能登半島地震 北方沖と連動か 内陸活断層 ずれ確認 志賀原発の北9キロ 日本地理学会チーム 調査

 石川県能登地方で起きたマグニチュード(M)7・6の能登半島地震の際、震源となったとみられる能登半島北方沖の活断層と共に、内陸の活断層も動いた可能性が高いことが、日本地理学会災害対応チームの調査で16日、分かった。震源に近い石川県志賀町で「富来川南岸断層」とみられる地表のずれやたわみが長さ3キロ以上続いているのが見つかった。

富来川南岸断層の活動によるものとみられる割れ目(矢印)=13日、石川県志賀町(鈴木康弘名古屋大教授提供)
富来川南岸断層の活動によるものとみられる割れ目(矢印)=13日、石川県志賀町(鈴木康弘名古屋大教授提供)
石川県・志賀原発と能登半島地震の震源
石川県・志賀原発と能登半島地震の震源
富来川南岸断層の活動によるものとみられる割れ目(矢印)=13日、石川県志賀町(鈴木康弘名古屋大教授提供)
石川県・志賀原発と能登半島地震の震源


 現地は北陸電力志賀原発の北約9キロ。北陸電はこの活断層の存在を否定していたが、2021年5月に原子力規制委員会に修正を申告。活動性が否定できないとして長さ9キロの活断層としているが、調査の上で再評価を迫られる可能性もある。

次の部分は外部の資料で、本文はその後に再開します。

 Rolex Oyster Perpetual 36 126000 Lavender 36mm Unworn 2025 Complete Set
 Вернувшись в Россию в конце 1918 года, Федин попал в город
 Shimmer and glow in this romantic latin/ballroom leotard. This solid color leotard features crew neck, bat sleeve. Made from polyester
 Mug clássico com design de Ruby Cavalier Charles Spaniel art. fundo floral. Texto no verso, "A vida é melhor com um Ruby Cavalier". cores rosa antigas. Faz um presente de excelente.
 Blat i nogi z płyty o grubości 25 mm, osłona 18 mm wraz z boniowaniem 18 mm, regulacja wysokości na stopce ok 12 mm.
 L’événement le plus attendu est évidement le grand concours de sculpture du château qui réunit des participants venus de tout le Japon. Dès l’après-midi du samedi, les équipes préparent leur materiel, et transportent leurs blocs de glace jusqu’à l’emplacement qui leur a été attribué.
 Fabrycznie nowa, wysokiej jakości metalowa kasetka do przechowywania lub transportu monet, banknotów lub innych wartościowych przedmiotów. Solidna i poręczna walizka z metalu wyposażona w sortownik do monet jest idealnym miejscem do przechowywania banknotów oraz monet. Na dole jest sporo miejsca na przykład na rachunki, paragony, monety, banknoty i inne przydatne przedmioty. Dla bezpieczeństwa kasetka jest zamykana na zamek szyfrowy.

 チームの鈴木康弘名古屋大教授(変動地形学)は「今回のずれが何を意味するかを考えないといけない。地下を掘って断層がどんな地震を起こしてきたかを調べる必要がある」と指摘する。
 一般的に活断層が動くのは数千年に1回などと考えられている。だが、これとは別に他の活断層による大地震でも連動し、想定より活発に動く危険性が示されたという。

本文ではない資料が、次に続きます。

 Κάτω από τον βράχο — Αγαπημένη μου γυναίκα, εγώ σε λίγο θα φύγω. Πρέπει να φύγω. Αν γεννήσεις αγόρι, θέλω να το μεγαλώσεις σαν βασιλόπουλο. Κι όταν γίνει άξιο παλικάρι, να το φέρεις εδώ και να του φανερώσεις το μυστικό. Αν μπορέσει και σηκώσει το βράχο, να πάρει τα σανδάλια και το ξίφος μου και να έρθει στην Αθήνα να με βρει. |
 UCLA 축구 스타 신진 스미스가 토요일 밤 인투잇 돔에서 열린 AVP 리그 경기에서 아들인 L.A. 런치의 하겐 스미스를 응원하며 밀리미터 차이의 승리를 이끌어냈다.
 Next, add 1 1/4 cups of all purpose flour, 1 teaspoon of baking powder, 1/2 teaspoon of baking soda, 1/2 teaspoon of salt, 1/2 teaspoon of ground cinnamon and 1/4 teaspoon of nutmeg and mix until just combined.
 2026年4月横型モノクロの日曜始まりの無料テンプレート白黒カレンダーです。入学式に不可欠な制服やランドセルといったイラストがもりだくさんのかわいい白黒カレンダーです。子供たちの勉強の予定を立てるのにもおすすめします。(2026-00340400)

 富来川南岸断層によるとみられる地表のずれ、たわみが現れたのは志賀町内の複数の場所。断層の南側が隆起して東側にずれていた。見つかった上下、水平方向のずれは数十センチ程度だが、断層付近の民家が大きく損傷しており揺れは強かったようだ。気象庁は志賀町で震度7を観測している。

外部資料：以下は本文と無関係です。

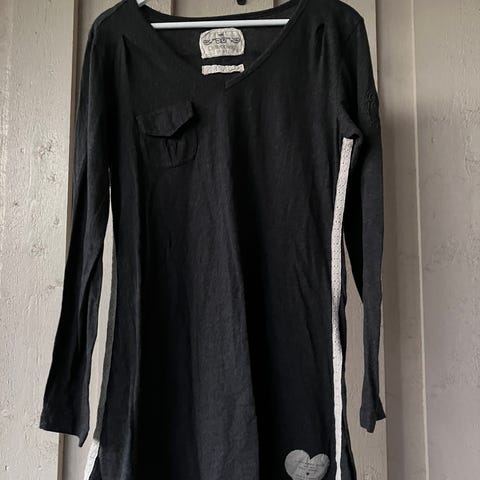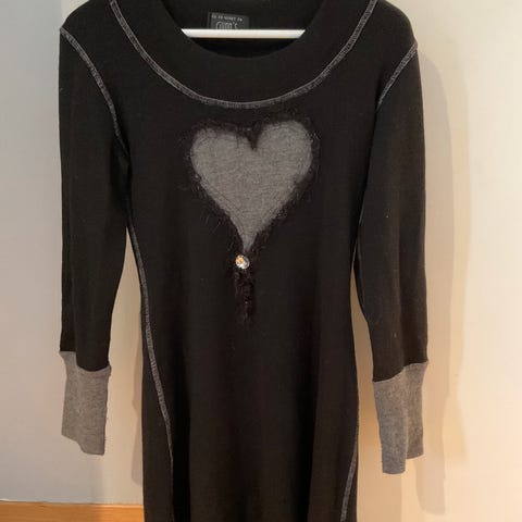 Oppløftende og kjærlig kjole, med et stort hvitt hjerte midt på brystet.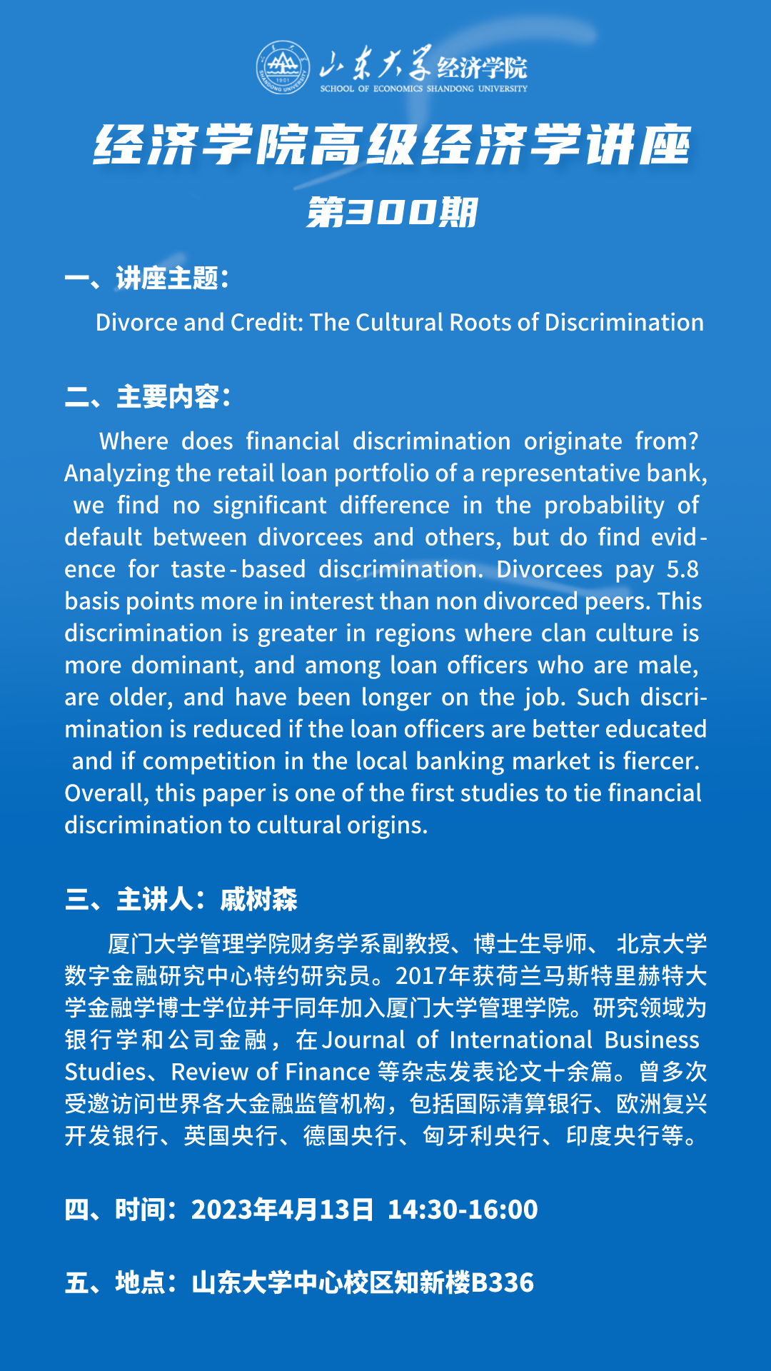 Divorce and Credit:The Cultural Roots of Discrimination(tyc41183太阳成集团高级经济学讲座)

 地形の分析などから、1970年代には富来川南岸断層が推定されていた。今回もこれに沿ってずれが見つかった。
 これまで掘削調査はされておらず、過去にどんな地震を起こしたかも分かっていない。延長部分は海域に延びていて、志賀原発そばの海岸を隆起させたとの指摘もある。
 鈴木教授は「今回活動した断層はさらに沖合へ続く可能性がある。能登半島北方沖の断層の想定にも問題があったため、海底活断層図を見直す必要がある」としている。